**About this exercise:** Output exactly, and only, the lines below from the one with "Мы не просто" down to the one with "Описание: Картина 50". Include both end lines and no pictures.

Stored entries:
- - -

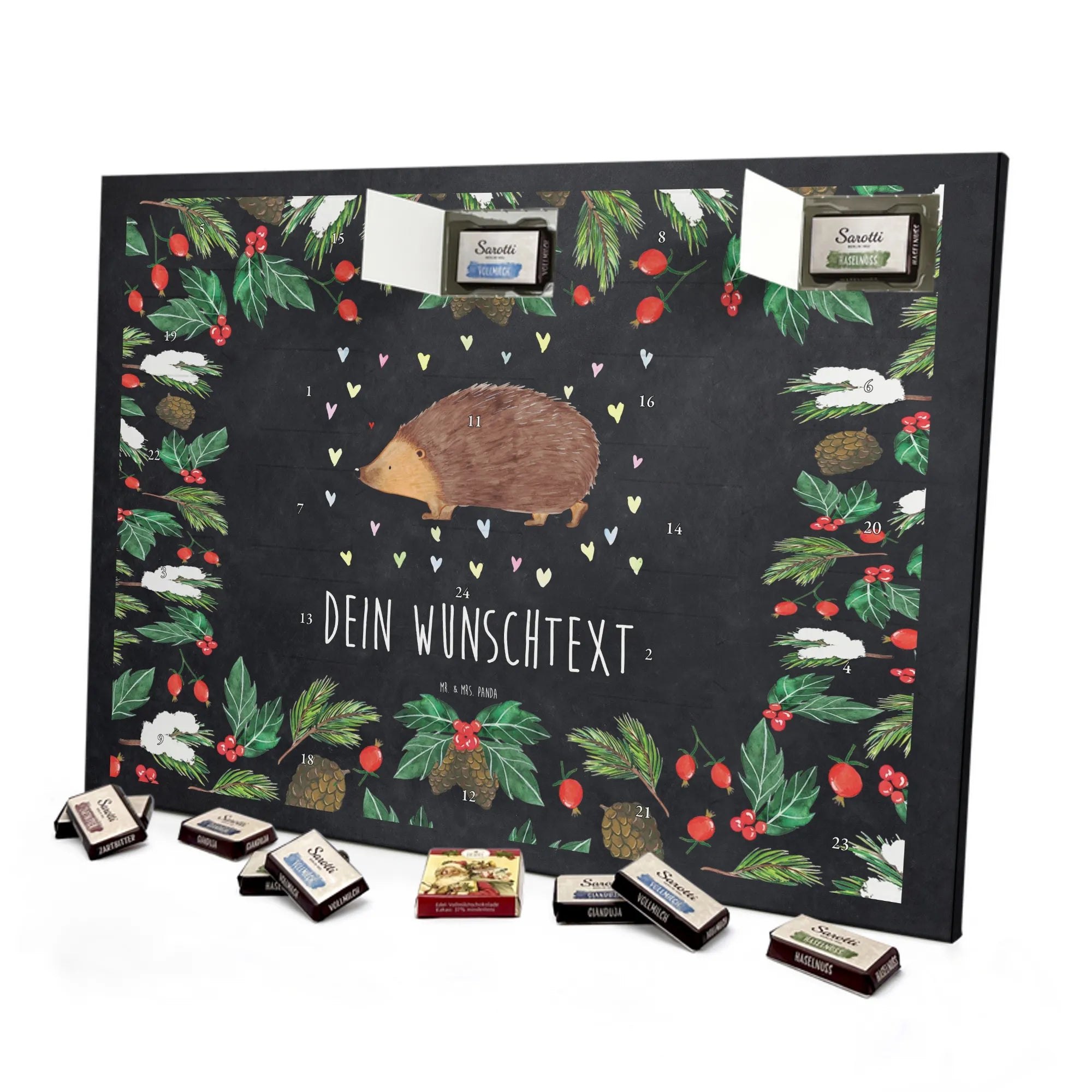 Wunderschöner Personalisierter Schoko Adventskalender von Mr. & Mrs. Panda – dein perfekter Begleiter durch die Vorweihnachtszeit! Dieser Adventskalender ist liebevoll bedruckt mit zauberhaften Motiven und witzigen Sprüchen von Mr. & Mrs. Panda und lässt sich ganz individuell mit deinem Wunschnamen oder Wunschtext personalisieren. Die brillante Druckqualität und die seidenmatte Oberflächenveredelung sorgen dafür, dass die Farben schön leuchten und sich der Kalender edel anfühlt. Auch die Seitenflächen sind bedruckt, sodass er von allen Seiten ein Hingucker ist. Maße: 355 mm x 245 mm x 11 mm. Eine besondere Eigenschaft: Du kannst ihn bequem aufhängen oder aufstellen – je nachdem, wie du ihn präsentieren möchtest. Gefüllt ist der Kalender mit einer hochwertigen Füllung aus 24 einzeln verpackten Schokoladentäfelchen in vier köstlichen Geschmacksrichtungen. Insgesamt enthält er 107 g Markenschokolade von Sarotti® und Confiserie Heidel® in den Sorten Vollmilch, Nougat, Zartbitter und Haselnuss. Bitte beachte: Es handelt sich um einen Kalender gefüllt mit Sarotti® und Confiserie Heidel® Markenschokolade. Verschenke Freude, Individualität und süße Momente – ideal als Geschenk für Freunde, Familie oder dich selbst. Mit diesem persönlichen Adventskalender machst du jeden Tag im Dezember zu einem kleinen Fest.
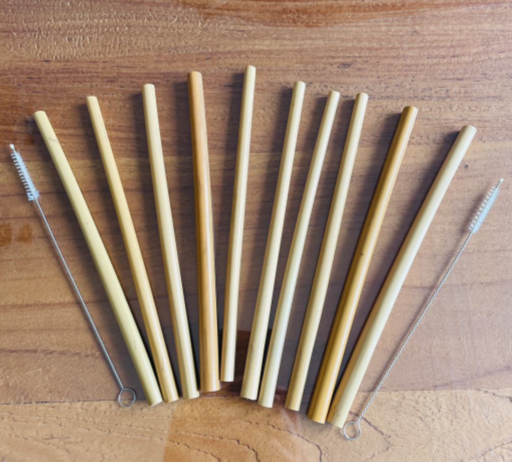 - Lot de 10 Pailles en bambou + 2 goupillon
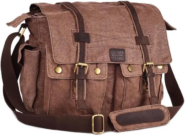 LEATHER VILLAGE Vintage Canvas Messenger Bag - 16 Inch Handmade Laptop Shoulder Bag for Men & Women - Crossbody Work Bag for Office, Travel & Daily Use - Brown
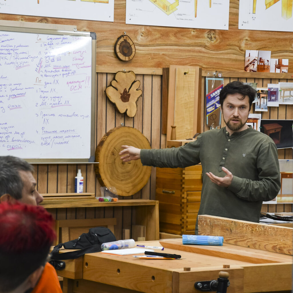 Мы не просто учим делать изделия — мы объясняем почему они должны быть сделаны именно так. Мы используем исключительно ручной инструмент, чтобы вы могли почувствовать текстуру и изучить свойства дерева. Только это позволяет понять природу материала и развить чувственную связь с ним.
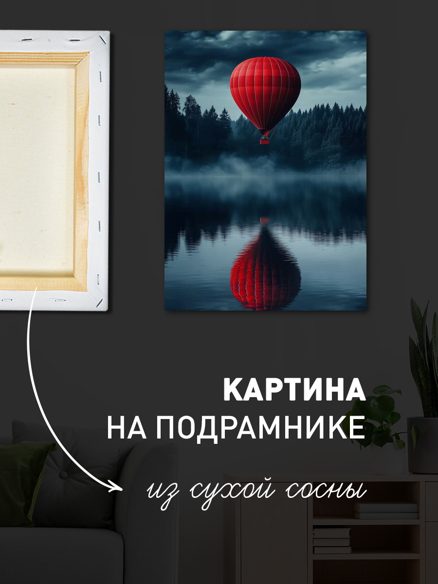 Описание: Картина 50 на 70 "Воздушный шар" представляет собой завораживающий пейзаж, на котором изображен яркий красный воздушный шар, парящий над спокойным озером, окруженным темными лесами под облачным небом. Уникальность этой картины заключается в контрасте между ярким цветом шара и мрачной атмосферой фона, что создает ощущение свободы и мечтательности. Эта картина вызывает глубокие эмоции: она наполняет пространство чувством спокойствия и умиротворения, приглашая зрителя погрузиться в мир фантазий и приключений. При взгляде на нее возникает желание подняться в небо и увидеть мир с высоты птичьего полета. Идеально подойдет для современных интерьеров, таких как гостиные, кабинеты или спальни, добавляя яркий акцент в нейтральные палитры. Она также станет отличным подарком для любителей путешествий и приключений, придавая особый шарм любому пространству. Не упустите возможность украсить свой дом этим произведением искусства, которое вдохновляет и радует глаз!
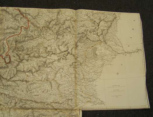 Map of the physical divisons of Germany. London: A. Arrowsmith, 1816. Engraved map, hand-coloured in outline, 6 sheets, each sheet 670 x 990mm., joined as three, with two additional small panels attached at foot, strengthened at folds and edges on verso; Weiland, C.F. General charte von dem Königreiche Hanover. Weimer: Geographischen Instituts, 1817. Engraved map, hand-coloured in outline, 630 x 860mm., Weiland, C.F. General charte von der Preussischen Monarchie. Weimar, 1817. Engraved map, hand-coloured in outline, 630 x 860mm.; Weiland, C.F. General Charte des Oestreichischen Kaiserstaats. Weimar, 1817. Engraved map, hand-coloured in outline, 630 x 860mm.; Faden, W. Map of the central states of Europe, situate between France and Russia, describing their new limits. London: W. Faden, 1816. Engraved map, hand-coloured in outline, 4 sheets, each sheet 667 x 770mm., joined as two, neatly strengthened at folds on verso (5)

- - -

**Solution to the problem:**
 Мы не просто учим делать изделия — мы объясняем почему они должны быть сделаны именно так. Мы используем исключительно ручной инструмент, чтобы вы могли почувствовать текстуру и изучить свойства дерева. Только это позволяет понять природу материала и развить чувственную связь с ним.
 Описание: Картина 50 на 70 "Воздушный шар" представляет собой завораживающий пейзаж, на котором изображен яркий красный воздушный шар, парящий над спокойным озером, окруженным темными лесами под облачным небом. Уникальность этой картины заключается в контрасте между ярким цветом шара и мрачной атмосферой фона, что создает ощущение свободы и мечтательности. Эта картина вызывает глубокие эмоции: она наполняет пространство чувством спокойствия и умиротворения, приглашая зрителя погрузиться в мир фантазий и приключений. При взгляде на нее возникает желание подняться в небо и увидеть мир с высоты птичьего полета. Идеально подойдет для современных интерьеров, таких как гостиные, кабинеты или спальни, добавляя яркий акцент в нейтральные палитры. Она также станет отличным подарком для любителей путешествий и приключений, придавая особый шарм любому пространству. Не упустите возможность украсить свой дом этим произведением искусства, которое вдохновляет и радует глаз!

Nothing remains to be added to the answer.